Truman's domestic policies as President proved far less successful than his foreign policies. Here also he dealt with three major issues: administration of the modern American presidency, a legislative program known as the Fair Deal, and Republican accusations of internal subversion and corruption. He managed well with just one of these domestic matters.
Truman was the first chief executive to organize the administration of his high office. He deplored Roosevelt's sloppy and sometimes byzantine administrative ways. He sought ideas from his assistants, welcomed arguments over matters of policy, and asked that contentions be set forth in well-reasoned memoranda. Once he set the lines of policy, he expected support from assistants.

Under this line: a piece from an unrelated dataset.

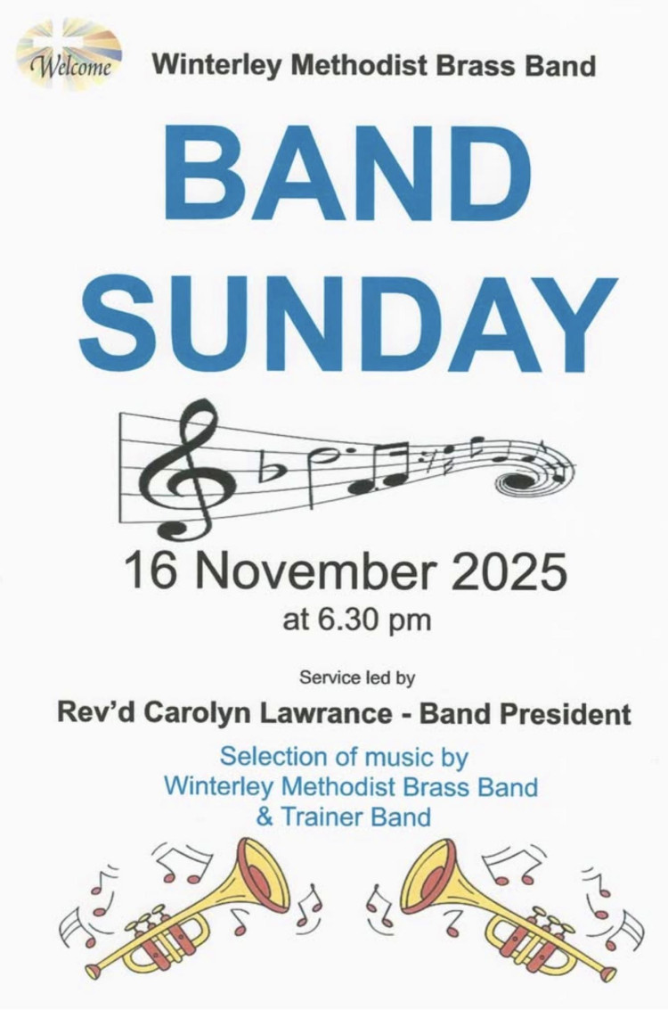 At Winterley Methodist Church, there's a 'Band Sunday' event with Winterley Methodist Brass Band at 6.30 pm. Don't miss it!

In addition to reorganizing the White House staff, Truman vastly expanded the Executive Office of the Presiden, because Congress forced his hand. Uncertain over the economic advice Roosevelt had received, Congress in 1946 created the Council of Economic Advisers, a three-man panel of trained economists. Truman also brought the sprawling federal bureaucracy under control. At the outset of his tenure, he found that the bureaucracy had grown from 600,000 civilian employees in 1932 to 2.6 million twenty years later, with 4,000 in the judicial branch, 22,500 in the legislative, and 2.57 million in the executive (1.3 million in defense, 500,000 in the post office, and the rest in other activities). He could not have controlled his part of this mass through the White House staff and the Executive Office staff. Moreover, most civilian employees were under civil service; the President appointed only 3,000. Truman therefore had to rely on his cabinet. He trusted that cabinet members would control their departments and thereby do the bidding of his administration. Truman, upon becoming president, was appalled to learn of the formlessness of the Roosevelt cabinet: He insisted upon dealing directly with members of the cabinet, and it was their task, he said, both to show loyalty to him and to control their departments. Cabinet meetings became business sessions, each official taking up his problems by bringing them before the group, with the president making the decision himself.
The domestic legislation of the Truman era followed carefully the main lines of expansion of economic and social programs advanced by the New Deal. Most of his initial months were consumed by arguments whether price controls would prevent inflation while manufacturers sought to fill the huge postwar demand for civilian goods. By early 1949 could he go back to his domestic program of three years before? Continued were New Deal themes that proposed federal control of prices, credit, commodities, exports, wages, and rents; a broadening of civil rights laws; low-cost housing; and a 75-cent minimum wage. It asked repeal of the Taft-Hartley Act, which had passed over a presidential veto in 1947 and which outlawed industry-wide strikes, closed shops, and mass picketing; made unions liable to suits; required union leaders, before they could use the National Labor Relations Board, to file affidavits declaring that they were not Communists; set up cooling-off periods before strikes; prohibited the use of union funds for political contributions; and gave the president power to obtain anti-union injunctions. The Fair Deal promised increased coverage for Social Security, federal aid to education, and compulsory health insurance. The last issue brought Truman into frontal conflict with the American Medical Association, whose leaders cried "socialized medicine" and eventually helped to establish private programs of health insurance.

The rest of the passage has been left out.